OK I got my cpu AMD 960T at 3.6Ghz and 1.3V. Now about the ram. 

The 2GB stick is slower than the 4GB stick. Cpu-z shows 3 frequency's for the ram sticks. 

The 2GB 200Mhz , 266Mhz, 400Mhz
The 4GB 266Mhz, 333Mhz, 400Mhz

Bios ram frequency is set to auto makes the ram run at 333MHZ.
Force Ram to 400Mhz in bios and I get BOSD.

I am now looking to get a Patriot Memory Signature DDR2 4GB CL6 800MHz DIMM (PC2 6400) PSD24G8002 to match the 4GB I now have.
The stick is $60

To max FPS what would be better, matched ram or new video card?

Video card I have now is XFX AMD 6850HD @ 875MHZ GPU clock and 1120Mhz Memory clock.


----------



## greenbrucelee (Apr 24, 2007)

Patriot ram is crap and not good for overclocking. Corsair and gskill are best.

You need a better graphics card for FPS. There are not many games that use more than 2GB RAM and No game will use more than 4GB.

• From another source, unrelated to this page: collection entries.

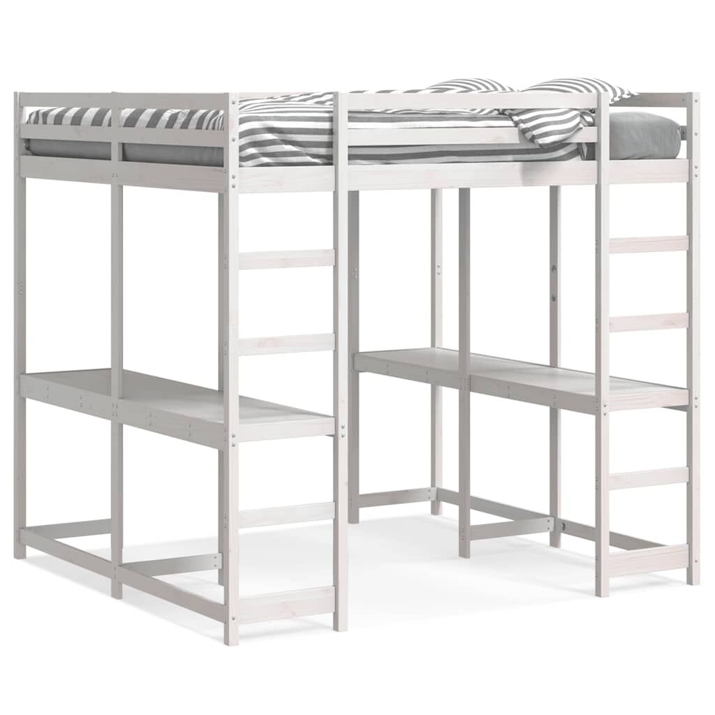 vidaXL Krevet na kat sa stolom i ljestvama bijeli 180x200 cm borovina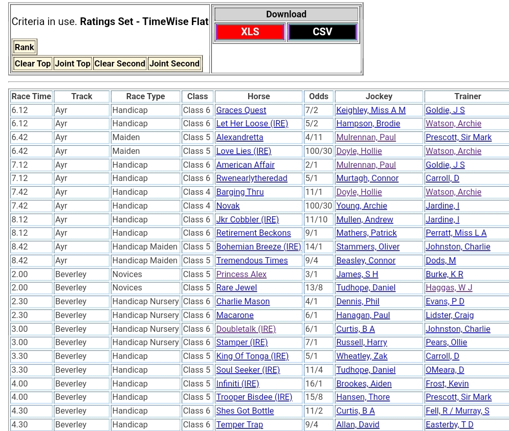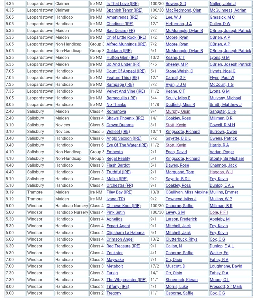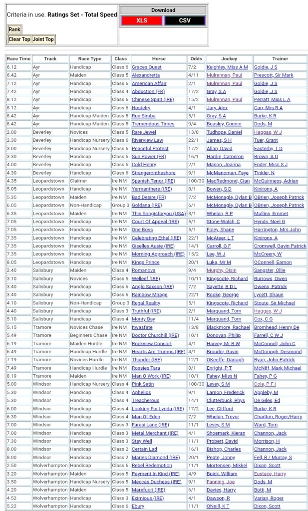 Top Speed Rated for today’s meetings ⏱️⤵️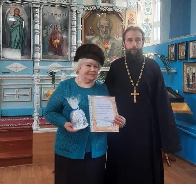Отец Сергий выразил писателю слова благодарности за её постоянный труд в деле духовно-нравственного и гражданско-патриотического воспитания детей и молодежи, вручил ей Благодарственное письмо и подарил памятный подарок.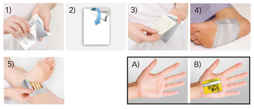 – Si consiglia l’uso di calze se applicato ai piedi e di una benda elastica coesiva/rete tubolare elastica/guanto se applicato sulle mani per prevenire il distacco del cerotto.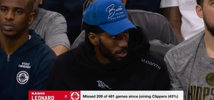 据统计,伦纳德自加盟快船以来已缺席209场比赛,休战率竟然高达43%,差不多一半时间躺在医院里面。
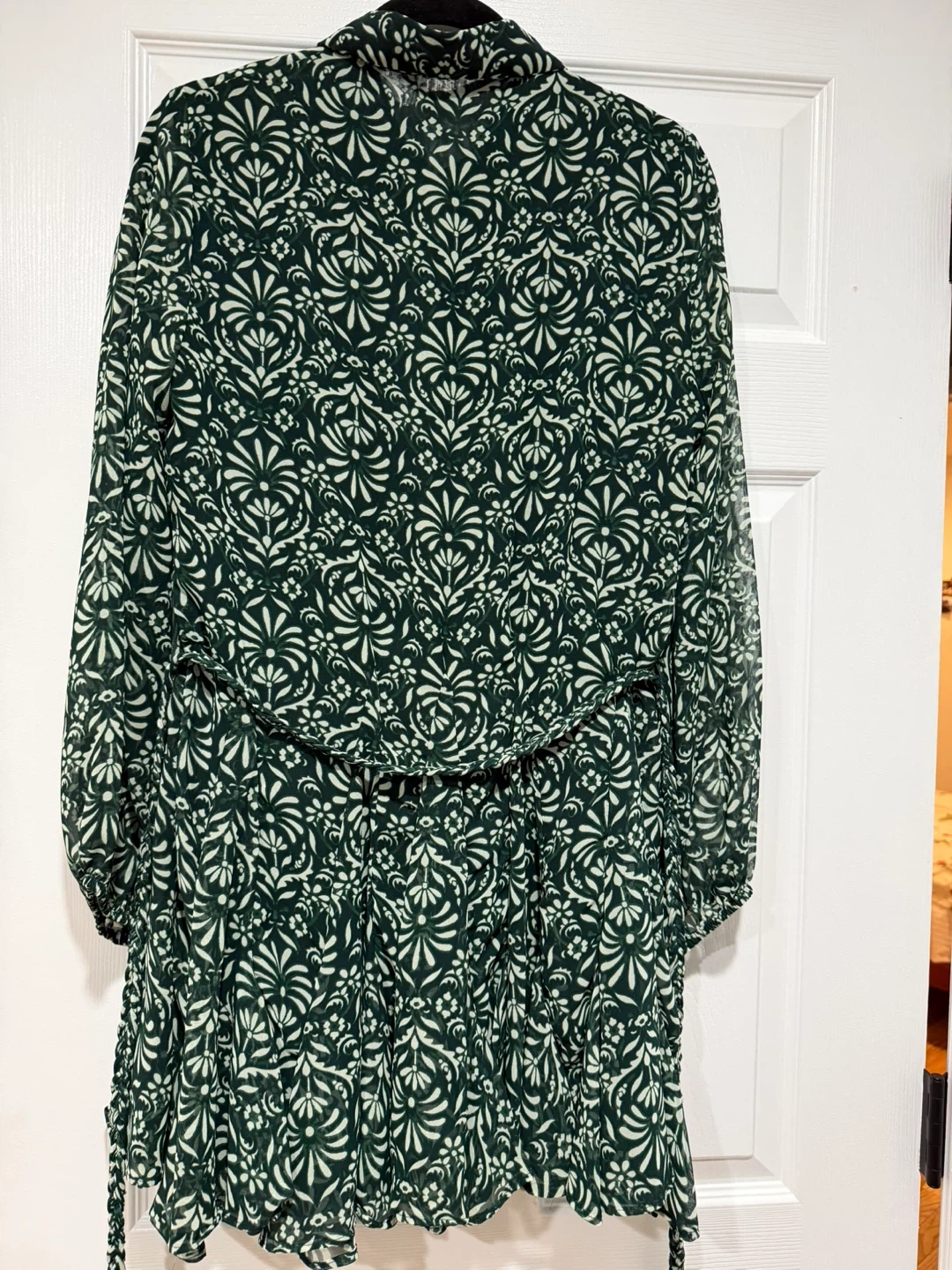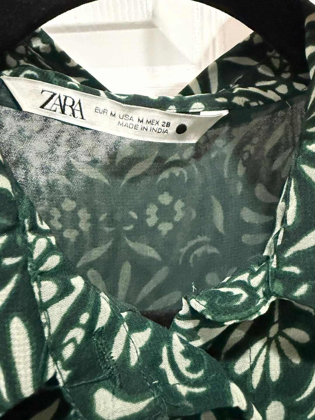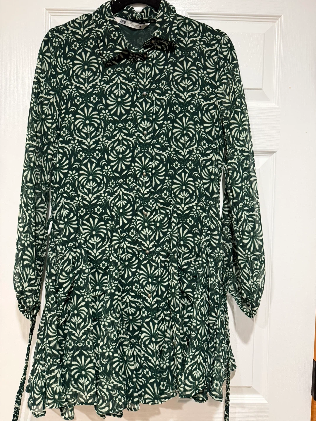 This is a Zara women's dress featuring a green and white floral print. It has long sleeves and a tie belt. Size is medium.

FPS is also limited to how the game is made and what hardware it can use properly. For instance you might get an intensive game say Crysis for instance that will run at Ultra settings (which means you have a good system) whereas you might get a game like shogunn total war which will only run at high settings.

Some games run better on nivida and intel hardware whilst some games run better on AMD and ATI hardware.

Running two different speeds of ram can cause issues your ram should be the same make and speed and size. This can also cause issues with overclocking aswell as general performance.


----------



## pokemoncatdog (Dec 2, 2007)

Than you, I don't have money for Video card now. I think I going to get marching ram for now. Than upgrade PSU when I can.


----------



## Tyree (May 10, 2009)

A good quality PSU should always be top priority. All other components depend on it.


----------



## greenbrucelee (Apr 24, 2007)

The psu is the most important component, There's no point in buying a quality car if it doesn't have a quality engine if you get my drift.


----------



## T_Rex (Oct 21, 2012)

Its not just that everything is cramped, but your case cabling is a bit of a mess overall. I would invest in ...

#1) a top quality PSU

#2) a better case with a bottom mount/ space for PSU (like the Coolermaster Elite 430).

#3) a better HSF like Artic Cooling 64 Pro

And finally zip ties for your cabling. I would also looking into unlocking the extra two cores that many are able to do with the 960t , making it effectively a 6 core. That will give you better overall performance vs. overclocking.


----------